【Pytorch】自定义Dataset类按照index去除train_set或test_set中指定数据

在Pytorch中,通常使用DataLoader和自定义Dataset处理数据。若想在训练前从Dataset中过滤有问题的样本,可以在Dataset类中根据index设定特定条件,如将问题样本的值设为None。同时,需要修改`torch.utils.data._utils.collate.py`文件的default_collate函数,添加判断逻辑以处理包含None值的batch。通过这种方式,可以在不预先清理数据集的情况下,动态移除有问题的样本。

在做深度学习相关任务时,我们一般是用 “Pytorch自带的DataLoader+自己写Dataset类” 这样的方式来加载原始或已经预处理过的数据,但是这样的方式是非常的固定的,即输入给Dataset多少数据,最后通过Dataloader传入训练阶段的数据就有多少。因此这里就会有一个问题:假如说我们已知原始数据或预处理数据中有些样本是有问题的,但是又不想简单粗暴的在传递给Dataset类之前做数据清理(删除掉),而是想要在自己写的Dataset类中自动过滤(去除)掉这些样本的数据,应该如何实现?

举个例子,比如我传给Dataset类的预处理数据尺寸是(1345,256,256,3),也就是1345张图片,我知道第1239张图片是有问题的,不想用它来训练,想要在数据传给训练之前在Dataset类中按照1239这个index来自动去除掉这个样本。

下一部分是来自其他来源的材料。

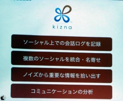 kizna はレストラン「豚組」中村仁社長の「丁寧に顧客対応をしていたら、自然とファンが生まれ、売り上げ増につながる」上に、ファンとなってくれたお客様が次のお客様を呼んで下さったり、ファンとなって下さったお客様は店がリーチ出来なかった Twitter などで寄せられた質問に対して自分の経験などを積極的に回答してくれて良い関係性が出来るという経験に基づき、これらの絆を更に深める為に「過去の貴重な情報を喪失させないための「ログ」機能」「分断されがちなソーシャルメディアを縦断しての情報管理」などを可能にするために開発されたサービスとなります。
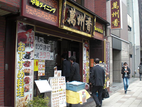 2ブロックほど行ったところに中華料理屋(萬州香)が有った(右・左写真=11:40~12:10/15752歩)。12時前に入れてラッキーだった。
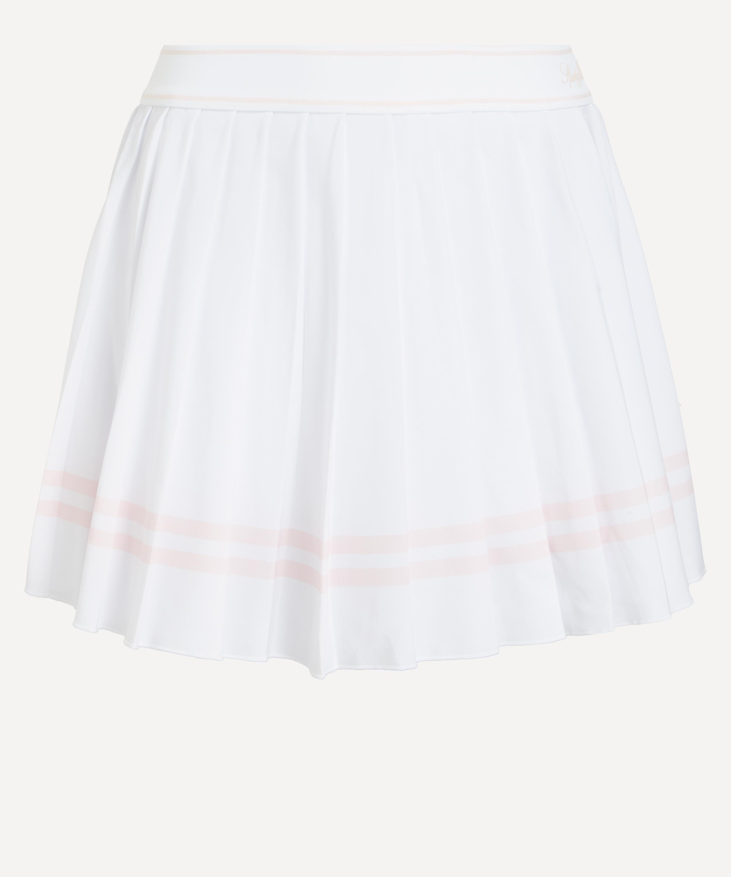 DETAILS Pleated tennis skirt Mini length Elasticated waistband with Vendome Script logo Pink striped detail on hem Interior shorts SIZE & FIT Model is 179cm/5'10.5"; Chest: 81cm; Waist: 64cm; Hip: 89cm and wears S COMPOSITION & CARE 94% Polyester; 6% Spandex Inner short: 88% Polyester; 12% Elastane Machine washable
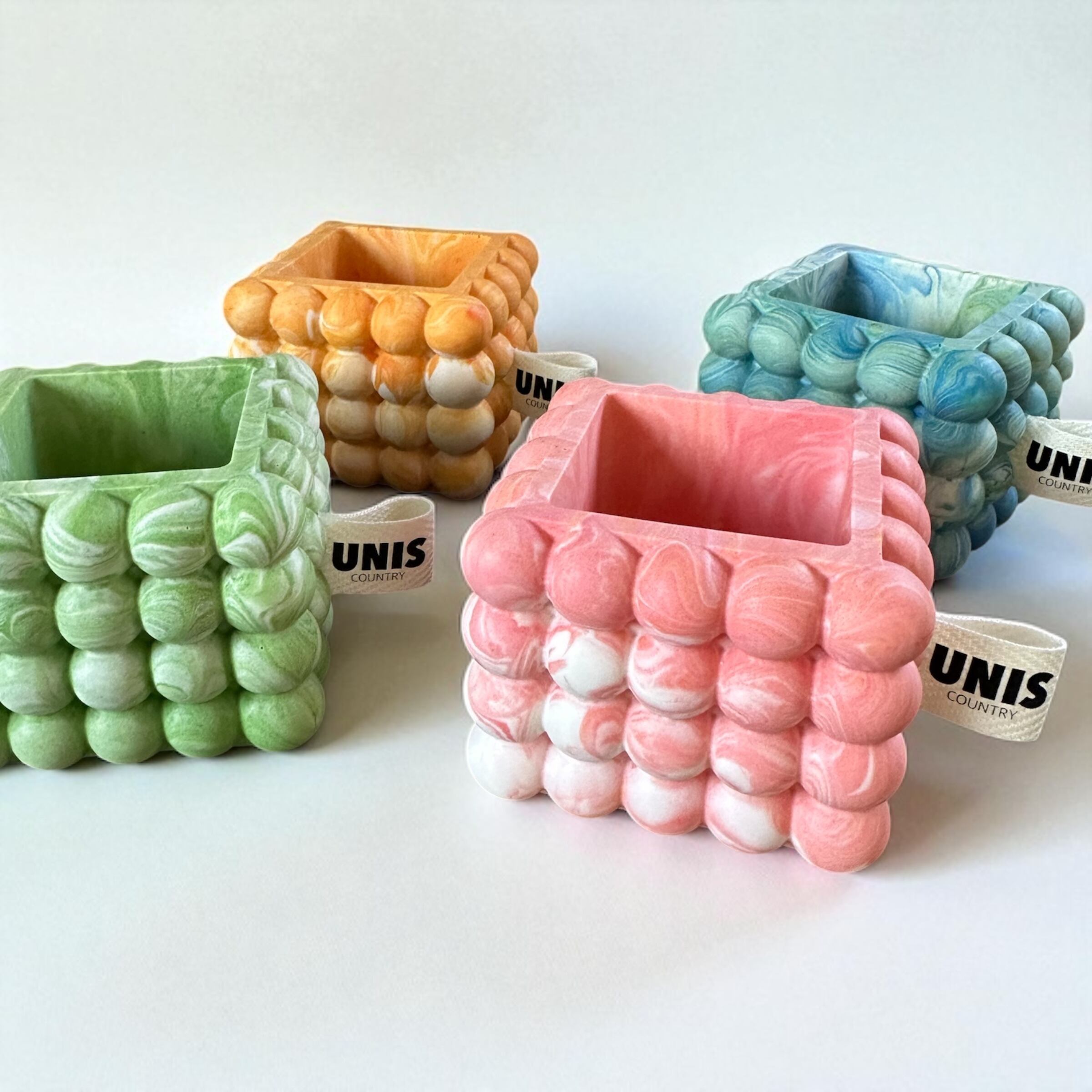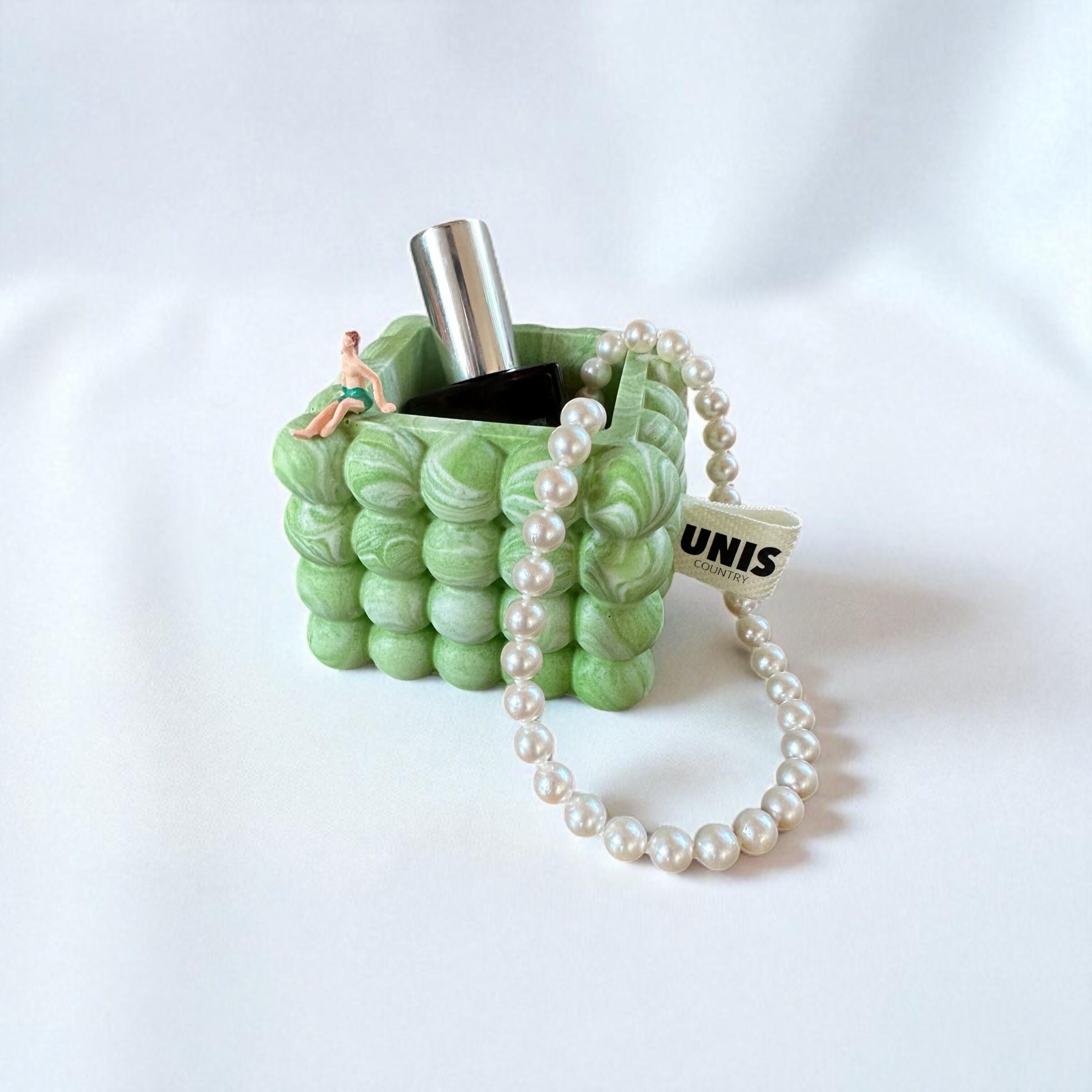 明るく鮮明なグリーンマーブルカラーと、目を惹くポコポコフォルムが印象的。

具体做法的思路要感谢Pytorch自定义Dataset和DataLoader去除不存在和空的数据,但是原作者的code只适用于Dataset返回两个值的情况,并且在使用时还要自己在写一个dataset_collate脚本,比较复杂且不通用。

下面是改进后的做法,只需两步

1. 在自己的Dataset类中,添加一段代码:

假如初始的Dataset类如下(简化版),每个样本的数据需要返回若干个结果,有img, pose, heatmap, landmark 等等,多少数量都可以。

class Dataset(Dataset):
    def __init__(self, ):
		pass
	def load_data(self, path):
       	pass
    def __len__(self):
    	pass
    def __getitem__(self, index):
        xxx
        return img, pose, heatmap, landmark 

如果想要在Dataset类中按照index指定去除数据,只需要将返回的第一个结果设置为None即可,加入以下两行代码:

        if index == 1238:   # index为1238时对应第1239张图片
            img = None

注意,并不是非得设置img=None才可以,而是本例中返回的第一个值是img,所以才设置img=None完整如下:

class Dataset(Dataset):
    def __init__(self, ):
		pass
	def load_data(self, path):
       	pass
    def __len__(self):
    	pass
    def __getitem__(self, index):
        xxx
        if index == 1238:   # index为1238时对应第1239张图片
            img = None        
        return img, pose, heatmap, landmark 
2. 修改自身python环境安装的your_python_envs_path/Lib/site-packages/torch/utils/data/_utils/collate.py文件中修改default_collate函数

做了以上改进后还不行,如果使用原始的default_collate()函数,会报错,需要在原始的代码中加入两行代码:

    if isinstance(batch, list):
        batch = [ i for i in batch if i[0] is not None]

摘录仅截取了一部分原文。